#AFORISMO 86O/ SÓ EU E A LUZ DO DIA# - GRAÇA FONTIS: PINTURA/Manoel Ferreira Neto: AFORISMO
Afaste de mim verbos que lavam as luxúrias todas, tropéis de desejos,
ânsia de ir para o céu só para curtir o além, pecar mais na terra, os passos da
paixão que jazem inertes na solidão. Afaste de mim a erudição das
con-tingências que gerenciam os pretéritos devaneios do ser à soleira do nada
concebendo sondas para outras utopias do nunca re-vestido de jamais. Afaste de
mim o dia da capacidade universal de se cor-res-ponder e completar-se, que
sobrevive à consciência. O mistério tende a travar de angústia o exílio das
palavras.
Luz breve, que ec-sistas, onde? fugidio indício que me a-nuncie o meu
lugar na vida... que proscreva o meu livre-arbítrio uni-versalmente... Silêncio
efêmero que me sussurre o pensamento que pense o pensar... Solidão solícita que
murmure o sino que tange, o som que perde. As nuvens brancas espelham-se em
miríades de re-flexos, multíplice alegria, trêmula, sinais nulos, irrita e
anula, os meus olhos tremem, as extremidades sacolejam.
À janela do meu vazio, eu!...
Nítido nulo horizonte linear. Imperceptível une-se ao azul do céu,
in-fin-itude ab-soluta in-eks-sistente, na linha in-eks-sistente da separação
que os une. A vida toda está aí. Os meus olhos passam por tudo, mortos que
falais ainda, vozes nítidas e absurdas no ar, imóveis instantes de outrora...

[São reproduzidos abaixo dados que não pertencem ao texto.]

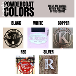 Our metal signs are powder coated with your choice of color - black, white, silver, red, or copper. They are laser cut with 16 gauge cold rolled steel, rust proof and made for outdoor OR indoor use. This is a lighter metal to reduce weight for hanging purposes!
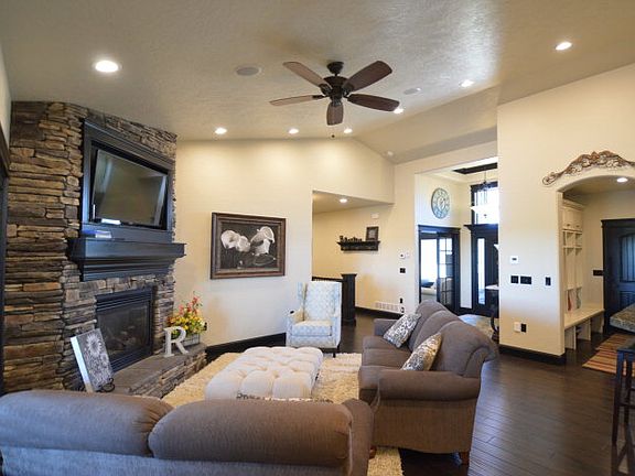 **ABSOLUTELY GORGEOUS CUSTOM HOME ON ACRE LOT**OPEN CONCEPT FLOORPLAN WITH TONS OF GREAT FEATURES**MAIN FLOOR: You'll Love the Great Room: Stone Fireplace with TV Above, Hardwood Floors, Black TrimFrench Doors Open to the Office/Formal Living Room**Stunning Kitchen has Wrap-Around Breakfast Bar, Granite Counters, Double Wall Ovens, Custom Two-Tone Cabinetry & Awesome, Extra Large Butler's Pantry**Beautiful Master Suite has Hardwood Floors, Tray Ceiling, Crown Molding, Deck Access & Private BathMaster Bath with European Shower, Double Sink Vanity, Granite Counters, Soaking Tub, Commode Room & Walk-In Closet**Bedrooms with Hardwood Floors & Big Closets**Full Bath has Granite Counter, Undermount SinkLockers**Laundry Room has Loads of Storage, Half Bath**DOWNSTAIRS: Fun Family Room with Wet Bar, Surround Sound & 2 Areas**Theater Room has Raised Seating & Media Cabinet**Bedrooms with Walk-In Closets**Cold Storage**EXTRAS: 2 Gas Water Heaters**Central A/C**2 Septic Drain Fields**Triple Pane Windows**Over 100 Can Lights**EXTERIOR: Wind-Proof Deck**Firepit Patio**Stamped Concrete**Designated Spot for a Large Shop**1.07 Acre Lot**Sprinkler System**Steel Edged Landscaped Beds**A MUST-SEE!!**

À varanda de minhas fantasias, quimeras, sentado num banco de mármore,
as rosas no jardim des-abrochando viçosas e ternas, manhã de novo dia,
estendendo-me além das metafísicas da esperança e da fé, da teoria do
conhecimento dos verbos e dos projectos, tentando encontrar um lugar no
auspício de uma montanha, olhando o panorama do mundo, os olhos perdiam-se na
frincha das folhas de um flamboyant do outro lado da rua, o in-finito se
mostrando inteiro, nítido nulo o horizonte e já frio, um deus crescia dentro de
mim... - ah, pretéritas lembranças e re-cordações de manhãs da infância, da
juventude! Estava só, tão cheio de meu nada. No ponto nulo que separava a
vigília que se esgotara e a que re-nascia... Mas agora, à distância destes
anos, ou à distância nula da morte, agora tudo se amassa em encantamento ou em
indiferença ou em absurdo - agora a rua está deserta.

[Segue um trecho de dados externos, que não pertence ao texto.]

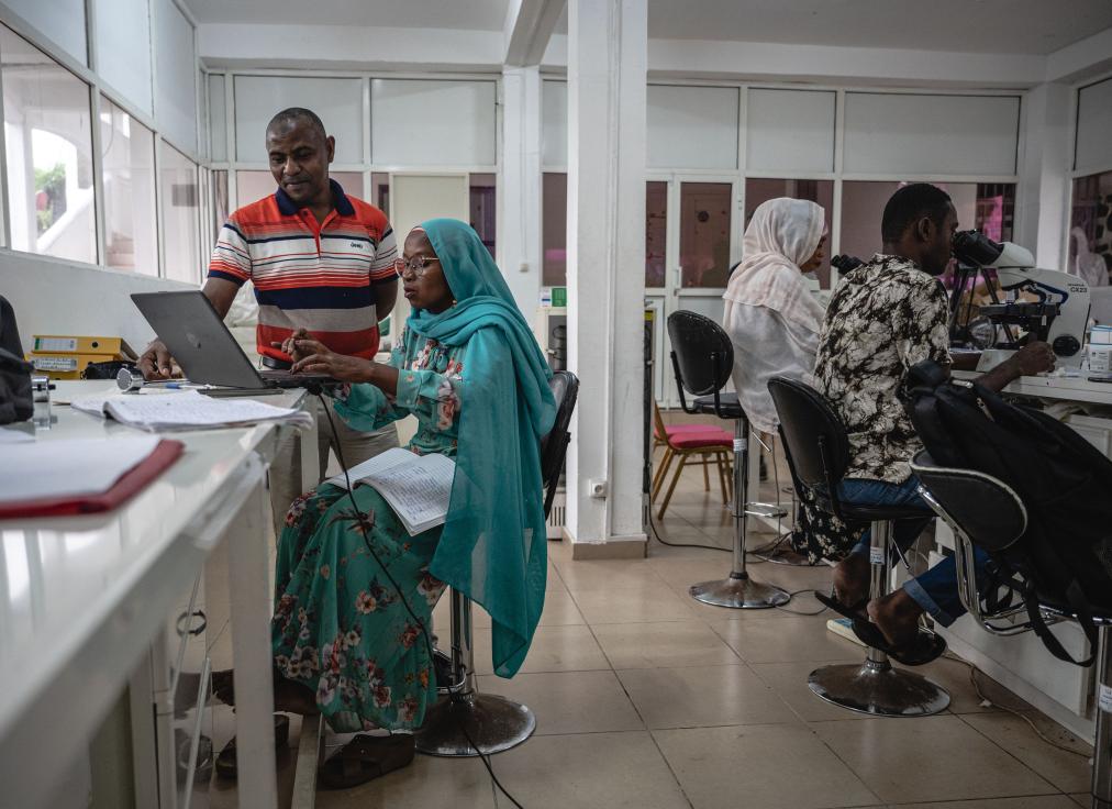 2024年1月11日,曾在中国留学的卡迈勒·赛义德·阿卜杜拉(左)在位于科摩罗首都莫罗尼的国家疟疾防治中心实验室与工作人员交流。

Afastar-me no trote desértico, na algazarra do cavalo marchador em ruas
de pedra.
Só eu e a luz do dia, só eu e os raios incandescentes do sol. Uma
alegria nula. Indício fala no limiar das origens. Fulcro, certeza fora de mim,
por mim escolhida, mas ec-sistindo na realidade, conferido com ela,
ordenando-a, fixa e apesar de tudo mutável, limite máximo da minha direção, do
meu impulso cego e absurdo.
Travessia do dia e noite, o sono que me vem revelar o desejo de sonhos
que se manifestam em imagens.
Evidente... A simbiose entre o sujeito que transita e o objeto
transitado, ao ponto que já não se sabe quem é o conteúdo, quem o continente.

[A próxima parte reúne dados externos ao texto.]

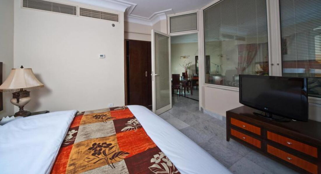 В номере есть старые светильники и пыль, грязь в шкафу, которой быть не должно в отеле 5*. Телевизор рябит, вечером вообще ужасно, смотреть не возможно, есть несколько русских каналов. Вода тоже идет без напора сперва и даже иногда ржавая, но если спустить минуты 2, то идет нормальная.

De Ubi sunt ao ad ubi. Elegia transitiva. Qualquer travessia é mágica . Viagem,
idéia de viajar ao processo de Ser no caminho do trajeto interior, secreto no
indivíduo.
As janelas de guilhotina, de todas as casas, mesmo aquelas em que
ninguém mais habita, estão fechadas, e aquelas que, desabitadas, pela ação do
tempo, estão caindo, restam apenas escombros, por dentro conduzem inerente à
vontade à Cruz do Cruzeiro que mostra à cidade a redenção e ressurreição, e
isto é alcançado com o retorno ao amor que fecunda e gera a compaixão e
misericórdia. A palavra é o espírito da vida. Iluminação, Amor, Deus,
Misericórdia, Nous, Theos, Ágape, Inner, Assunção, Numinoso. Creio que diante
de tantas dimensões divinas e humanas, a vida está cheia de inevitável dose de
solidão.
... eis a magia da liberdade que é a solidão à hora de nascer...
(#RIODEJANEIRO#, 13 DE JUNHO DE 2018)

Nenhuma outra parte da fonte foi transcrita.